Appellees' position, however, is that the journey was made for the sole purpose of viewing the feed mixer being manufactured by the appellant. At the plant, they advised the plant manager of their application for patent which would include certain claims of which appellant's feed mixer would perhaps be an infringement. It was at this point that appellant inquired of the possibility of obtaining a license. Appellees contend the possibility of licensing had not been previously considered, and all negotiations relative to the license were conducted after their return to Kansas. They also flatly deny the trip was made for the purpose of eliciting damages from appellant.
It is clear that the statute in question is based on certain minimum contacts which must satisfy requisites of due process in accord with the test of International Shoe Co. v. Washington, 326 U. S. 310, 66 S.Ct. 154, 90 L.Ed. 95 (1945). Service of process under F.R.Civ.P. Rule 4(e) is to be made under the manner prescribed by state statute. "The question of whether the activity of the defendant constitutes `doing business' for jurisdictional purposes depends upon state or local law." Walker v. Field Enterprises, Inc., 332 F.2d 632, 633 (10th Cir. 1964); Walker v. General Features Corporation, 319 F.2d 583, (10th Cir. 1963).
Our review of Colorado decisions interpretative of activities constituting "transaction of any business" reveals a requisite of "`purposeful acts,' performed within the forum state by the defendant in relation to the contract * * *." Knight v. District Court of the Seventeenth Judicial District, 162 Colo. 14, 20, 424 P.2d 110, 113 (1967). Evidence of Colorado contacts was presented to the trial court by both parties by affidavit and memorandum. On this basis, the trial court determined there were insufficient contacts to support the service of process. Our review of evidentiary considerations by the trial court is in the light most favorable to the prevailing party.

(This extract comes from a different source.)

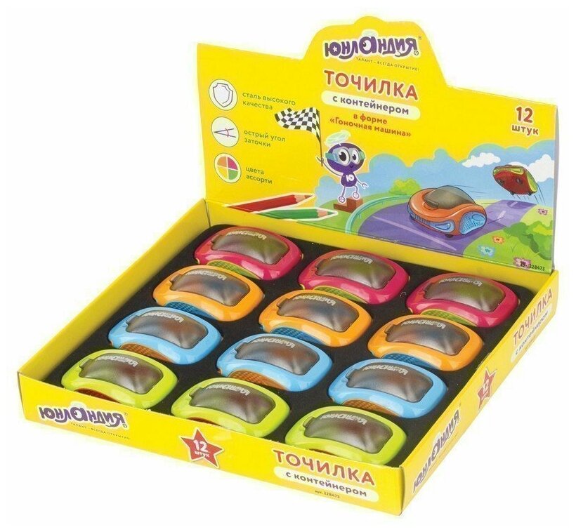 10 цен на Точилка юнландия "Гонки", с контейнером, пластиковая, корпус ассорти, 228473

We find no error in the trial court's dismissal for lack of in personam jurisdiction.
Nor do we reach support for the service of process on the executed license agreement itself. The contract negotiations were by mail subsequent to appellees' return to Kansas. No terms of the agreement indicate an intention for performance to be limited solely to Colorado. The final signators of the agreement were the appellees who affixed their signatures in Kansas. On this basis, we cannot conclude sufficient contractual connections with Colorado to supply the minimum contacts necessary to maintain in personam jurisdiction.